§ **EXERCISE DESCRIPTION**: Copy all entries verbatim and keep any pictures out of the copy.
##### LISTED RECORDS #####
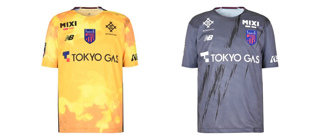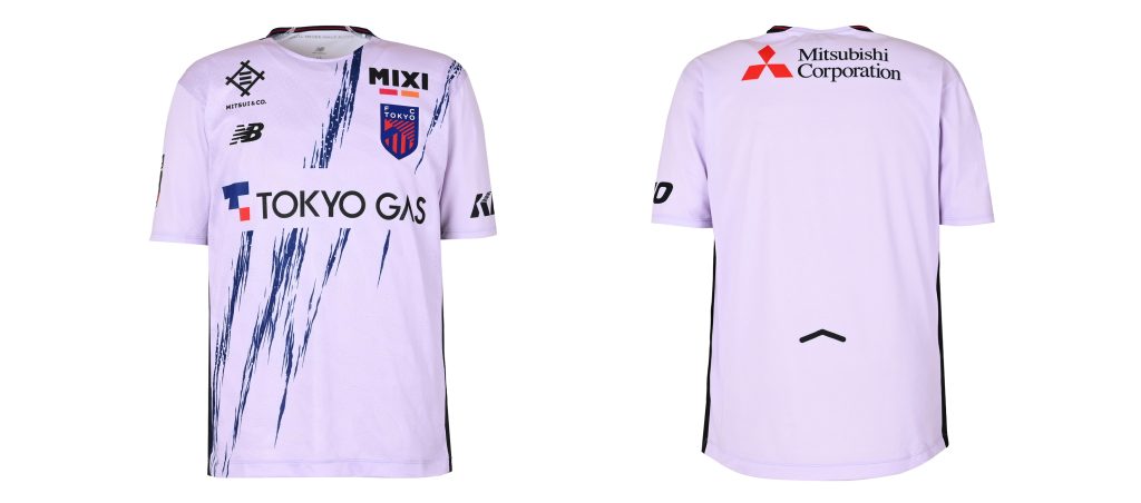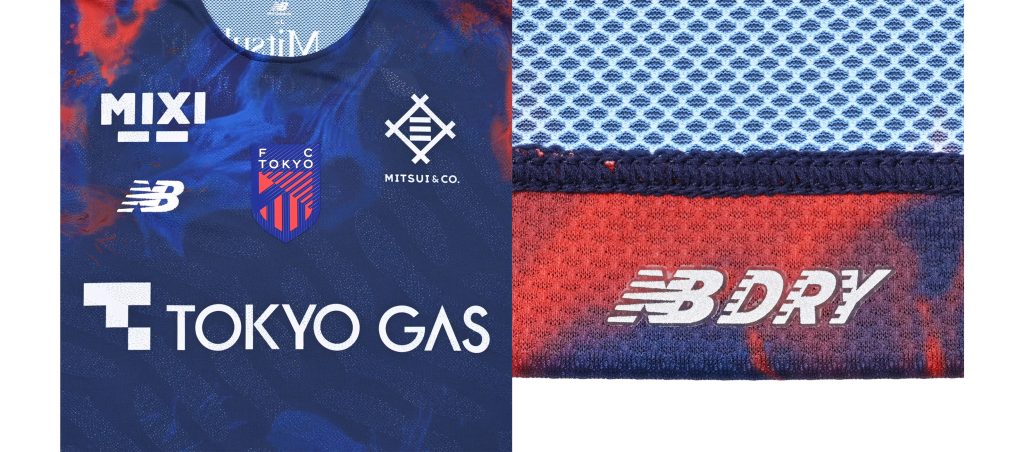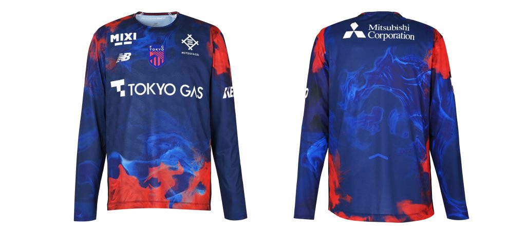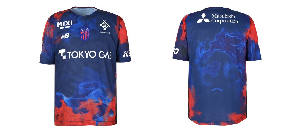 1st KITにはクラブスローガンである『東京が熱狂』を表した、躍動する“炎”をモチーフとしたデザイン。青い炎は冷静さ、安定感、赤い炎は、情熱を表現し、ストライプデザインの枠を超えて、両方の炎が合わさる事で、強さ・勢いを象徴しています。
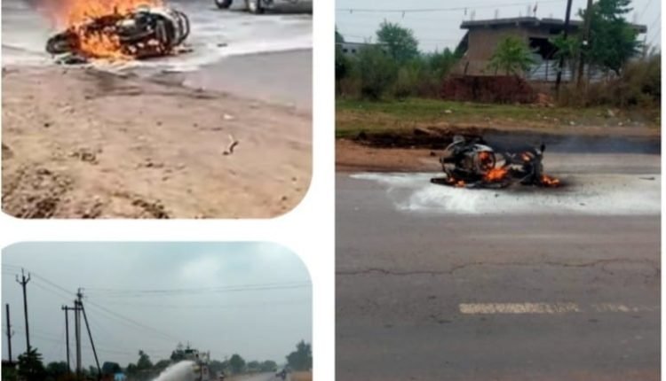 चलती एक्टिवा में लगी आग बाल-बाल बचे सवार ।
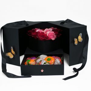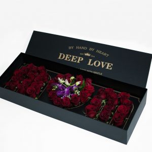 Black Square Flower Box with Heart Shape Container and Drawer Enclosed Comes With Liners And Foams
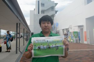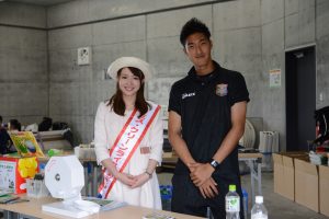 今回はスタジアムDJを務めるBeFM小泉亮さんもボランティアスタッフの一員として
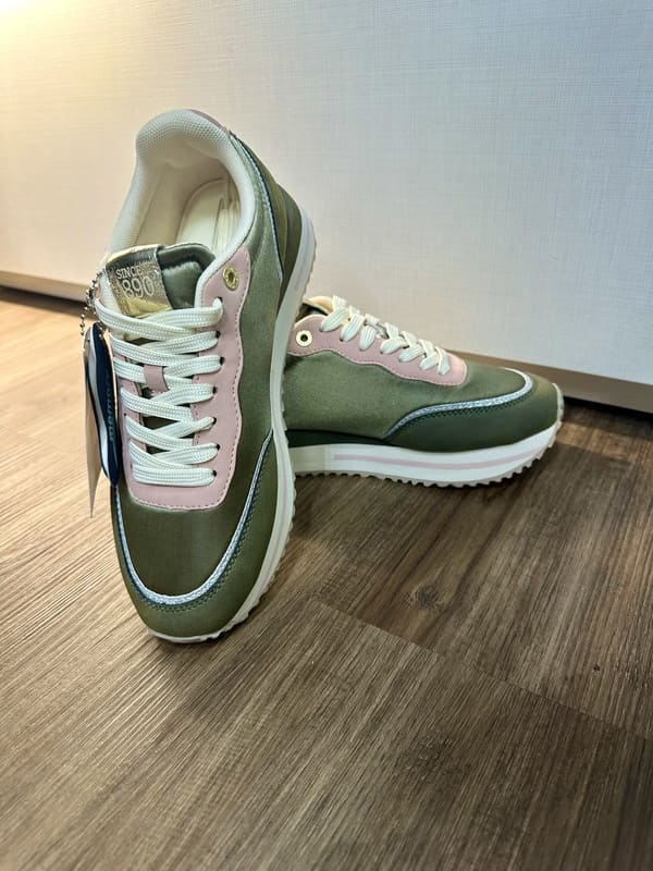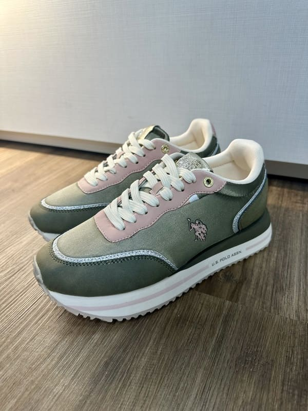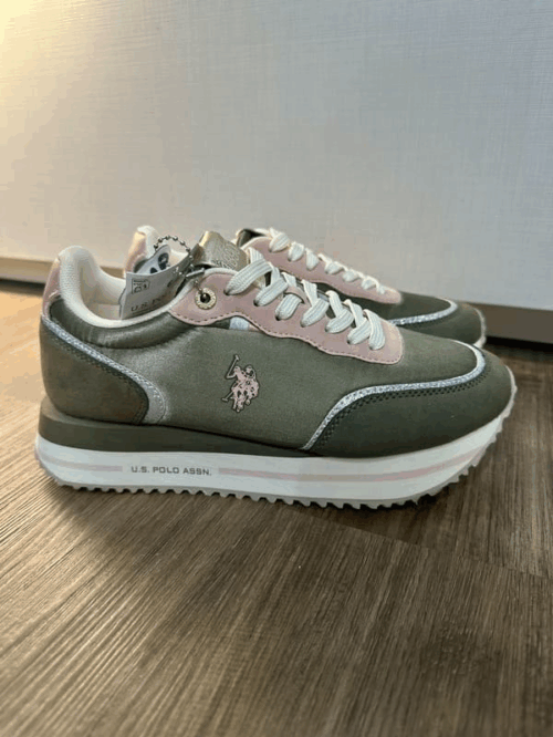 Sneakers US POLO Sacha color verde militare con cavallino e linguetta a contrasto rosa cipria
#####
§ **THE COMPLETED TASK**:
 1st KITにはクラブスローガンである『東京が熱狂』を表した、躍動する“炎”をモチーフとしたデザイン。青い炎は冷静さ、安定感、赤い炎は、情熱を表現し、ストライプデザインの枠を超えて、両方の炎が合わさる事で、強さ・勢いを象徴しています。
 चलती एक्टिवा में लगी आग बाल-बाल बचे सवार ।
 Black Square Flower Box with Heart Shape Container and Drawer Enclosed Comes With Liners And Foams
 今回はスタジアムDJを務めるBeFM小泉亮さんもボランティアスタッフの一員として
 Sneakers US POLO Sacha color verde militare con cavallino e linguetta a contrasto rosa cipria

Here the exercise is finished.